Salesforce Data Governance vs. Data Managemen

Businesses collect data from multiple sources constantly. They use this data in a decision-making capacity and to streamline their operations. Data collection is accompanied by the responsibility to handle it securely and comply with relevant laws and regulations. 

Salesforce organizations generate massive amounts of data and often consume data from other systems, making effective data governance and management practices more crucial than before. Although they may sound similar, Salesforce data management and data governance are different practices. In short, data governance establishes policies and procedures, and data management puts them into action. 

Both are equally important for organizations handling large amounts of Salesforce data. Data governance and management directly impact your organization’s quality of data. Understanding the differences between data management vs. data governance is paramount for businesses to use their data effectively within the Salesforce context. 

  1. What Is Salesforce Data Management?
  2. What Is Salesforce Data Governance?
  3. Why Are Data Management + Data Governance Important for Salesforce?
  4. Differences Between Data Governance vs. Management
  5. Salesforce Data Management vs. Data Governance Best Practices
  6. How to Combine Data Governance + Data Management
  7. Enhance Governance and Accountability for Salesforce With OrgScan
What Is Salesforce Data Governance?

What Is Salesforce Data Management?

Modern organizations have access to massive amounts of data. Data management stores, organizes, secures, and maintains data to ensure they are viable assets to a business. One of the main goals of data management is to ensure data is accessible and used for its intended purposes only, discarding it properly when it’s no longer of value. 

Data assets have a life cycle. Data management provides reasonable access to data by managing that life cycle, from creating assets to retirement. Well-designed and executed data management eliminates data silos. It allows for better data flow across the organization—access to pertinent data results in better operational strategies and more successful decision-making. 

Data management can answer the following questions:

  • How do we ensure data is not redundant?
  • How do we maintain the quality of data?
  • Which IT tools should we use?
  • How well is the data secured?
  • How can we make data available to the organization to augment decision-making?

Common Elements of Data Management

Data management is a broad term that covers several specific practices, including data governance. Some other data management practices include the following:

  • Data preparation: The process of cleaning and transforming raw data for analysis. Data preparation ensures the data is of sufficient quality to use in decision-making.
  • Data security: The processes used to protect your data from unauthorized access by malicious actors or corruption.
  • Data architecture: The formal structure for managing data flow within an organization.
  • Data catalogs: The management of metadata and listing of data so it’s easy to find, creating an accessible overview of an organization’s data and giving users the complete picture.
  • Data pipelines: Tools used to transfer data between systems.
  • Data extract, transform, load (ETL): Transforming data to load in a data warehouse.
  • Data warehouse: Consolidates all data sources to provide clarity for data analysts.

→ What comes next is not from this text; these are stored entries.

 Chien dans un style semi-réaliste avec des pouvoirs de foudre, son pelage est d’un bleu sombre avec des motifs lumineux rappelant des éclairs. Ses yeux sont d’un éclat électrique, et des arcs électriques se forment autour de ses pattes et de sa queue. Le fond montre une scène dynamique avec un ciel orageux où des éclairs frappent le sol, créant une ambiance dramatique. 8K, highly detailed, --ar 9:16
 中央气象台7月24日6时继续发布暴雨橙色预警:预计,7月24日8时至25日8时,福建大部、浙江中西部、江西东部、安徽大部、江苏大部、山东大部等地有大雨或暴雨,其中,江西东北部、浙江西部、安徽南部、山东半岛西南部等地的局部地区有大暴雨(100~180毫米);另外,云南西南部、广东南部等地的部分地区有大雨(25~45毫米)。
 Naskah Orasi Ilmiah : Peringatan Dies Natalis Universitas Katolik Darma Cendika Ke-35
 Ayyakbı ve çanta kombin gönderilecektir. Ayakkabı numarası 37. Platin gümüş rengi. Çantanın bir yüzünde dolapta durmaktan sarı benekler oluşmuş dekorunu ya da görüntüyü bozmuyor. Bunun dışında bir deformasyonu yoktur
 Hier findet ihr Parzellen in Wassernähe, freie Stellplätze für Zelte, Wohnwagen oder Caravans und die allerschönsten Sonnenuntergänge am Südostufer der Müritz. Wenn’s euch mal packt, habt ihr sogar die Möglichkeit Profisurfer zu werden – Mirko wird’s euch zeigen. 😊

What Is Salesforce Data Governance?

Data governance is a component of data management. It’s a set of defined structures, measurements, rules, and policies to serve goals like creating harmony between business units and data. Another goal of data governance is to ensure data quality by measuring it against parameters such as data security, usability, availability, and consistency. 

Specialized data stewards are responsible for data governance. They help monitor how their teams use and interact with data sources and ensure that team members remain compliant and aligned with data principles. With data governance in place, organizations have factual information about the ownership of the data, who can access it, how it is secured to ensure data privacy, and whether the data is compliant with regulations. 

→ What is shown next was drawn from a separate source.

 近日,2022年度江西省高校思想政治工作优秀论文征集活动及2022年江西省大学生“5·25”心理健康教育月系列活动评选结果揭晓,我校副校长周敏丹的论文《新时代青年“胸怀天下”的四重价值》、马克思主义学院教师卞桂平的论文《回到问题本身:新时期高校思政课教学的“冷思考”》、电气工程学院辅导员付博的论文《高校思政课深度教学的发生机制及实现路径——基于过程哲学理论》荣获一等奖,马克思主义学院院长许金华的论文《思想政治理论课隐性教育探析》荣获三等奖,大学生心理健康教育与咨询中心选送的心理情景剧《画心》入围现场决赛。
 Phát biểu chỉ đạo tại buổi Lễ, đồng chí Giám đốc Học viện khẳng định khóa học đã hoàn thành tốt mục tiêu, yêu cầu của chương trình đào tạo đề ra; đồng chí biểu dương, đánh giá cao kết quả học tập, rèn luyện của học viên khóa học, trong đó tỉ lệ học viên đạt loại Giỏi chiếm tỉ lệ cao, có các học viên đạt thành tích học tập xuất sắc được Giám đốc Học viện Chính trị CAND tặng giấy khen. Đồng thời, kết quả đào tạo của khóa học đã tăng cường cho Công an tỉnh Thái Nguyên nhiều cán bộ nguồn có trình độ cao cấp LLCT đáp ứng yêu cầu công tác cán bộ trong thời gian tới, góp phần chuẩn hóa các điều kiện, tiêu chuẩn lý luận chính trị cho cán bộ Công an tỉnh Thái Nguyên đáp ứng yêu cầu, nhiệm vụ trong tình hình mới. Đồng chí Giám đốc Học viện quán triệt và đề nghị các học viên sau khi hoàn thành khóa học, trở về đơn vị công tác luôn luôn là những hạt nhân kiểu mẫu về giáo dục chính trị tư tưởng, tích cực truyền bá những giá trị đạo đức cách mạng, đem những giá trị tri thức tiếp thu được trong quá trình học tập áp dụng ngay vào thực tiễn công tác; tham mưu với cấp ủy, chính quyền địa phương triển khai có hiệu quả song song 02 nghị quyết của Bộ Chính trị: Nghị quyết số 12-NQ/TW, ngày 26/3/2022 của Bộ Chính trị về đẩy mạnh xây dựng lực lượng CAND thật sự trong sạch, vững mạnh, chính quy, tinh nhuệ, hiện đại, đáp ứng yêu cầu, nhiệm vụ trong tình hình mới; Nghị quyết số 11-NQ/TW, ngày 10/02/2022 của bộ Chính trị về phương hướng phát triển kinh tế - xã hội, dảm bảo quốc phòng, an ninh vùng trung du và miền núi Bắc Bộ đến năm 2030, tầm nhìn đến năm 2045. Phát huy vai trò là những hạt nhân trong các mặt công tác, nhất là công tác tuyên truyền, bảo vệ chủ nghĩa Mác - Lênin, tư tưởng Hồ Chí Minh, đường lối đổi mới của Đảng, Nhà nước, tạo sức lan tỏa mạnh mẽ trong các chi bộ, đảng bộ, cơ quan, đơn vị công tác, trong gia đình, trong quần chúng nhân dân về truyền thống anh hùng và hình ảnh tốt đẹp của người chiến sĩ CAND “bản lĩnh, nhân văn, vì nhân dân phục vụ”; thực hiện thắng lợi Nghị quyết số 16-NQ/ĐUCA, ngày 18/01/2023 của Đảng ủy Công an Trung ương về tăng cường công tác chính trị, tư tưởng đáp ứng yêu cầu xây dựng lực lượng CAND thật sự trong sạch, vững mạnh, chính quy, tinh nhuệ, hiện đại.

Salesforce is an excellent example of governance in many ways, as new people constantly come in from acquisitions, and there is a need to get everyone working together. 

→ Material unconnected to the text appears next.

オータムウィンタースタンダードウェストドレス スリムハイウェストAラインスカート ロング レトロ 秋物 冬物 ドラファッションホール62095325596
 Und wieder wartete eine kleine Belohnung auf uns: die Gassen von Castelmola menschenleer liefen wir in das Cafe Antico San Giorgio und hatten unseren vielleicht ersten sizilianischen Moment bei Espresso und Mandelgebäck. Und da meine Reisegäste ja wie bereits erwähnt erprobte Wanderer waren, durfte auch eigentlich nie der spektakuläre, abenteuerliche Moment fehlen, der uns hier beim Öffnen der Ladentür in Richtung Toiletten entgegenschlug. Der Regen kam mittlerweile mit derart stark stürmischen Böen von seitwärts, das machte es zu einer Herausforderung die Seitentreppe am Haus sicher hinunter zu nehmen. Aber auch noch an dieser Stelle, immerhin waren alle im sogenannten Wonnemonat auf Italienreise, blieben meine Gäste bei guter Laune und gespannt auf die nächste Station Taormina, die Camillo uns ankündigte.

Some of the questions data governance answers include the following:

  • Who owns the data?
  • Who should have access to it?
  • How can we be compliant with regulations?
  • What data is required to make solid business decisions?

Principles of Data Governance

Organizations should follow a specific structure to align with data governance best practices that ensure data governance success. Organizations often base these practices on some of the following principles:

  • Integrity: To align with the principle of integrity, the organization uses ethical data management practices and maintains integrity in its choices. 
  • Stewardship: Assigning qualified team members to the role of data stewards and making them responsible for ensuring members of the organization follow the policies and rules defined by its governance structure. 
  • Auditability: Businesses must maintain accurate, and up-to-date records of all data used to show compliance with regulatory standards. 
  • Standardization: Data must be accessible and transparent, so data stored in different formats should be harmonized based on specific definitions.

Why Are Data Management + Data Governance Important for Salesforce?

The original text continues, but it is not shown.